Source data ->
────────────────

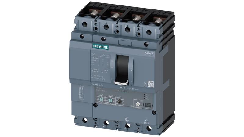 Circuit breaker 3VA2 IEC frame 250 breaking capacity class M Icu=55kA @ 415V 4-pole, LI, In=250A overload protection Ir=100A...250A short-circuit protection Ii=1.5...10 x In N conductor protection adjustable (OFF, 50%, 100%) nut keeper kit
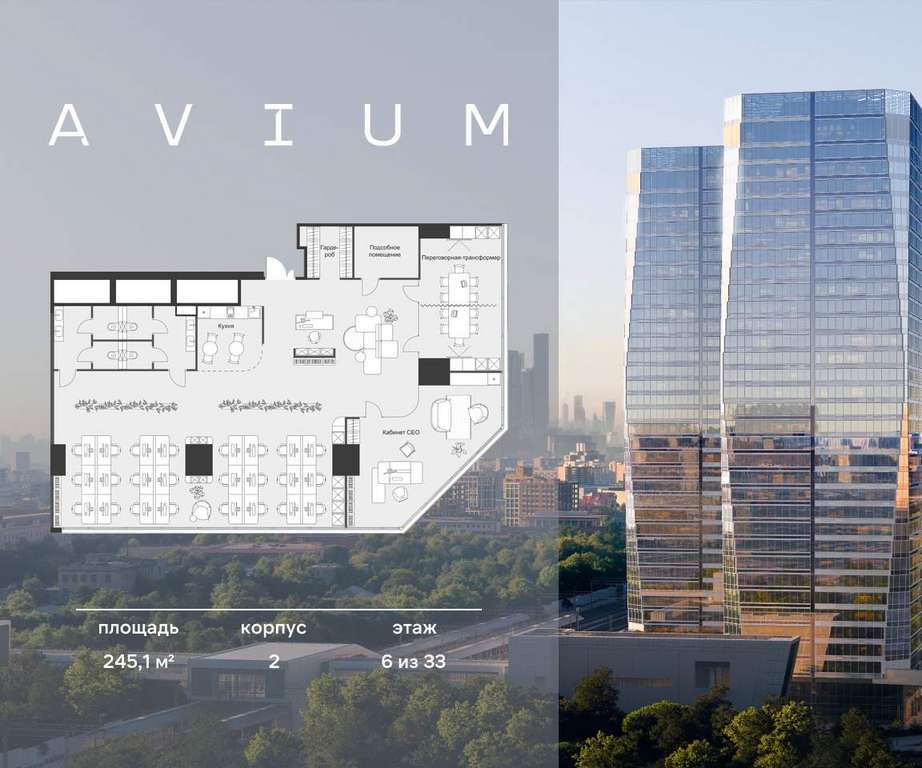 Продажа премиальных офисов в бизнес центре AVIUM. Две 34-этажные башни, объединённые галереей и дочерним корпусом.
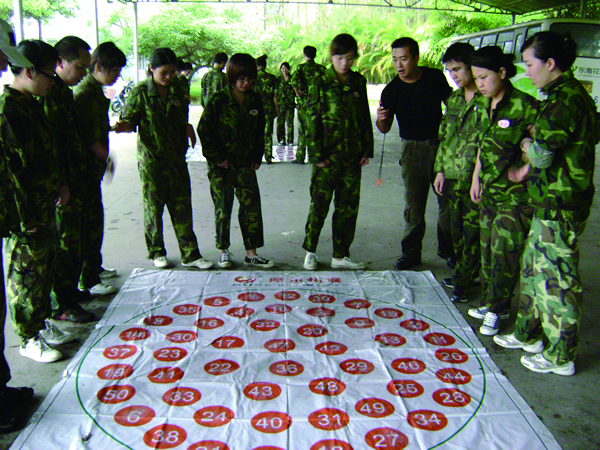 一張印有50個豪無規(guī)律數(shù)字的塑料毯,項目要求團(tuán)隊在最快的時間里按1~50的順序踩數(shù)字,同時不能踩到毯子以及毯子上方不能同時出現(xiàn)兩只腳,否則要重新開始。在這項目中我們的“必勝莊園隊”認(rèn)真思考,仔細(xì)研究塑料毯上看似無規(guī)律的數(shù)字其實也不是完全沒有規(guī)律的,上方的數(shù)字?jǐn)[放比較稀疏,左右兩側(cè)和下方會相對密集。于是他們根據(jù)數(shù)字的規(guī)律調(diào)整人員分布,左右兩側(cè)和下方盡量多些人,大家手拉手互相扶持。果然,很有效率,輕輕松松地完成并以較短時間戰(zhàn)勝。而“勇者無敵隊”,由于沒有講究方法進(jìn)行協(xié)條分工,是幾個人輪流踩數(shù)字,一直圍繞著毯子在跑與踩。幾輪下來,一個個滿頭大汗,也筋疲力盡,結(jié)果還是以戰(zhàn)敗告終。

────────────────

What is required ->
Repeat the lines above precisely and skip every picture.

Answer to the problem ->
 Circuit breaker 3VA2 IEC frame 250 breaking capacity class M Icu=55kA @ 415V 4-pole, LI, In=250A overload protection Ir=100A...250A short-circuit protection Ii=1.5...10 x In N conductor protection adjustable (OFF, 50%, 100%) nut keeper kit
 Продажа премиальных офисов в бизнес центре AVIUM. Две 34-этажные башни, объединённые галереей и дочерним корпусом.
 一張印有50個豪無規(guī)律數(shù)字的塑料毯,項目要求團(tuán)隊在最快的時間里按1~50的順序踩數(shù)字,同時不能踩到毯子以及毯子上方不能同時出現(xiàn)兩只腳,否則要重新開始。在這項目中我們的“必勝莊園隊”認(rèn)真思考,仔細(xì)研究塑料毯上看似無規(guī)律的數(shù)字其實也不是完全沒有規(guī)律的,上方的數(shù)字?jǐn)[放比較稀疏,左右兩側(cè)和下方會相對密集。于是他們根據(jù)數(shù)字的規(guī)律調(diào)整人員分布,左右兩側(cè)和下方盡量多些人,大家手拉手互相扶持。果然,很有效率,輕輕松松地完成并以較短時間戰(zhàn)勝。而“勇者無敵隊”,由于沒有講究方法進(jìn)行協(xié)條分工,是幾個人輪流踩數(shù)字,一直圍繞著毯子在跑與踩。幾輪下來,一個個滿頭大汗,也筋疲力盡,結(jié)果還是以戰(zhàn)敗告終。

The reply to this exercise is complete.